The Board have accepted the recommendations and will act on them accordingly.

  • Report no:
    200501555
  • Date:
    February 2008
  • Body:
    Grampian NHS Board
  • Sector:
    Health

Overview

The complainant (Miss C), an advocacy worker, complained on behalf of a man (Mr A) regarding the treatment received by his late wife (Mrs A) at her GP Practice (the Practice).  Mr A complained about the Practice's failure to promptly diagnose Mrs A's secondary cancer and he considered that the overall treatment provided to her was inappropriate.  The specific points of complaint are listed below.

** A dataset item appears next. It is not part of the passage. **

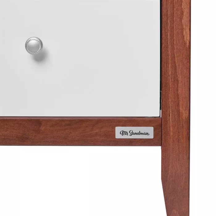 «Delight» - комод с пеленальным столиком от «Mr Sandman». Основание комода и отдельные элементы столика изготовлены из массива бука. Стенки, фасады, ящики и некоторые элементы столика изготовлены из крашенного МДФ, а задняя стенка и дно ящиков - из ХДФ. При производстве используются экологически чистые лаки и краски на водной основе. Комод оснащен тремя выдвижными ящиками, задняя и боковые стенки которых имеют высоту вровень с фасадами, что позволяет максимально использовать объем ящиков. Верхний ящик предназначен для хранения мелких предметов. Ящики комплектуются шариковыми телескопическими направляющими с доводчиками, что делает открытие ящиков более безопасным для малышей.
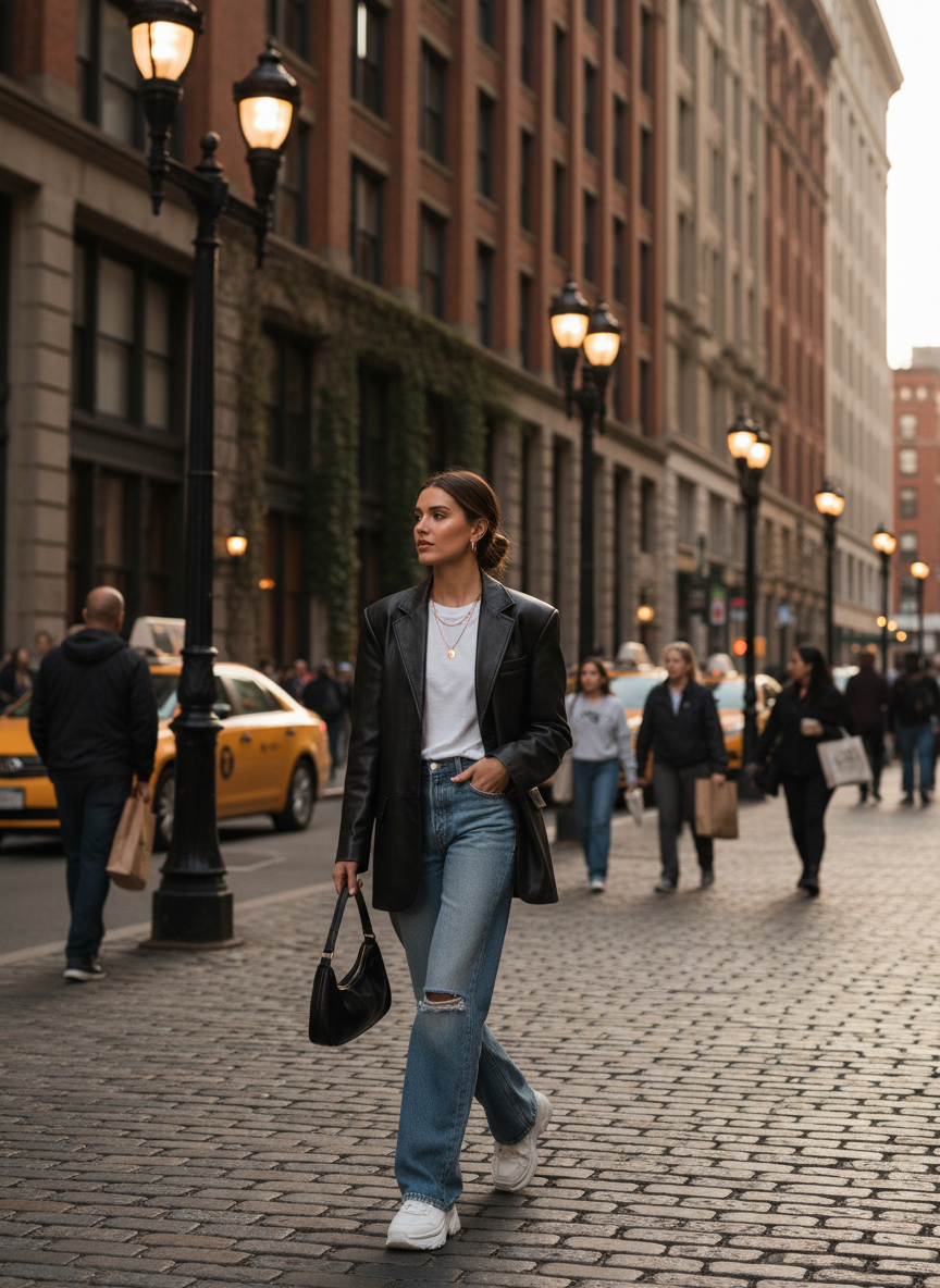 Throwing a leather jacket over your look instantly makes it sharper. The boxy shoulders of the blazer match the wide structure of the pants. It gives off a very model off-duty energy that works for almost any occasion. Wear a simple white tank underneath to keep it grounded.

Specific complaints and conclusions

The complaints which have been investigated are that the Practice:

  • (a) failed to diagnose and properly treat Mrs A's illness (not upheld);
  • (b) provided inaccurate information about waiting times for an ultrasound scan (upheld);
  • (c) inaccurately completed an out-patient appointment form (not upheld);
  • (d) delayed arranging blood tests and only did so upon Mrs A's request (no finding);
  • (e) delayed admitting Mrs A to hospital (not upheld);
  • (f) failed to respond to Mrs A and her family sympathetically and empathetically (not upheld);
  • (g) caused distress by asking Mrs A why she needed a medical certificate (no finding); and
  • (h) dealt inefficiently with a request for a repeat prescription (not upheld).

Redress and recommendation

The Ombudsman recommends that the Practice considers putting procedures in place to regularly check prevailing waiting times for relevant out-patient services/clinics and does not continue to rely on historic data which may no longer be accurate.

 The Practice have accepted the recommendation and will act on it accordingly.